Definition of ‘sec form f-8’
Sec form f-8 is filing with the securities and exchange Commission (sec) for publicly-traded canadian issuers to register securities offered in the transactions of the business combinations, mergers and exchange offers requiring a shareholder vote. Sec form f-8 may only be used if a circular for a takeover or business combination previously prepared. Securities registered with the sec form f-8, must be offered to U.S. holders on terms no less favourable than those extended to foreign shareholders. Sec form f-8 acts as a binding for the corresponding canadian registration and verification of documents in accordance with the requirements of canadian securities legislation and regulations.

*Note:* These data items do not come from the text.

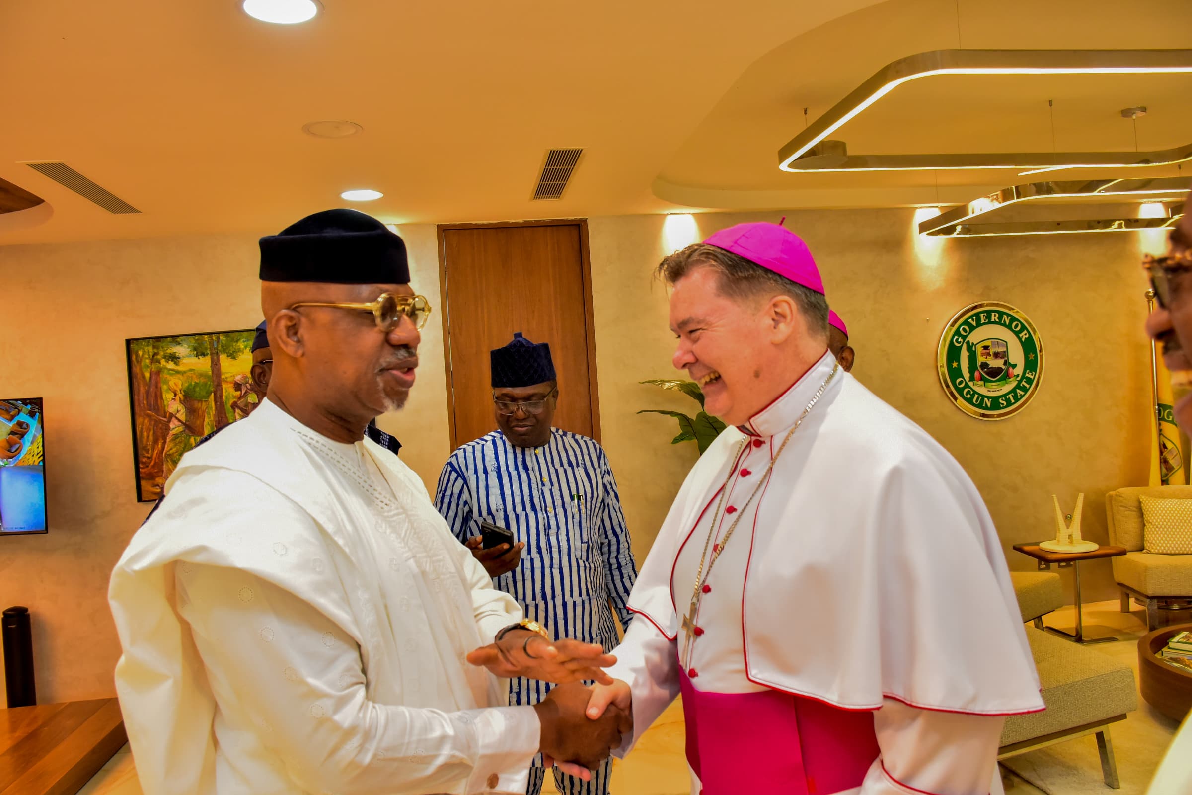 The governor made this known on Friday while receiving the Apostolic Nuncio to Nigeria, Michael Francis Crotty, who paid him a courtesy visit at his office in Oke-Mosan, Abeokuta, alongside the Catholic Bishop of Ijebu-Ode, Francis Obafemi Adesina, the Catholic Bishop of Abeokuta, Peter Odetoyinbo, and other church officials.
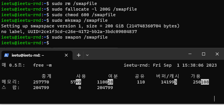 Swap 파일 제거 후 재설정
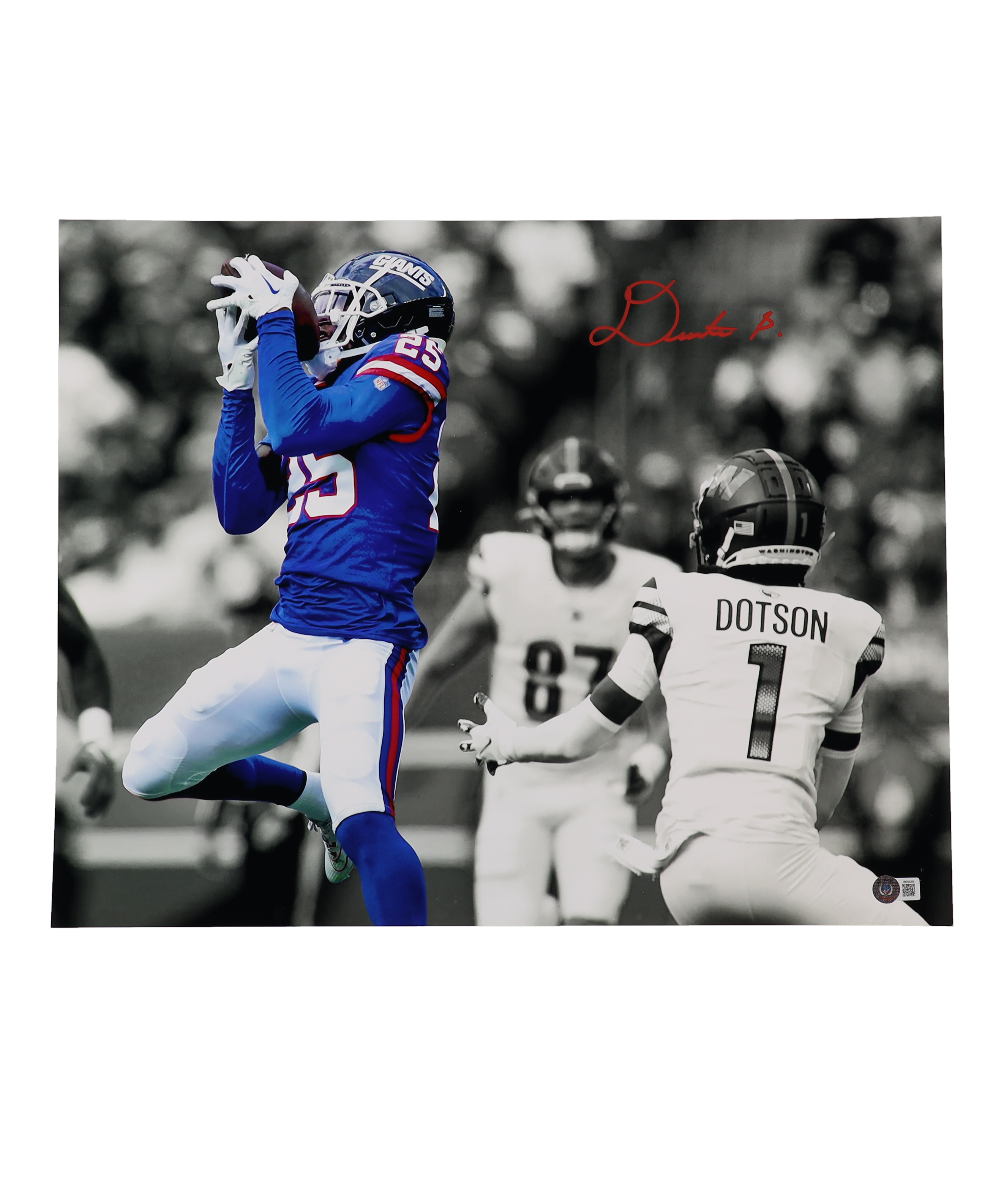 Photo measures 16" x 20" in size. Hand-signed by Deonte Banks (New York Giants).

The penetration of ‘sec form f-8’
Sec form f-8, entitled “registration statement on securities act of 1933 for securities of certain canadian issuers to be issued in exchange offers or a business combination,” must be filed if: 1) the securities are issued in the exchange offer, where U.S. holders own less than 25% of the class of outstanding securities that are exchangeable; or 2) securities issued in a business combination, where the American shareholders will own less than 25% of the class of securities after completion of the transaction. Typically, sec form f-8 is used for the registration of common stock; with certain exceptions derivative securities may not be registered in the form.
From the point of view of the requirements for filing forms with the sec, the two companies involved in the transaction, must: 1) be registered or organized in accordance with the laws of Canada or any canadian province or territory; 2) had a class of securities listed on one of the three major markets over the 12 calendar months preceding the filing of the form; and 3) a market capitalization of$75 million or more.
Metro Inc. food and a drug dealer based in Montreal, filed a registration statement on sec form F-8 may 2018 for shares offered or issued in connection with acquisition of the Jean Coutu Group, pharmacy chain with headquarters in Quebec. Because less than 25% of the shares will be held by investors at the completion of the combination, sec form f-8 applies.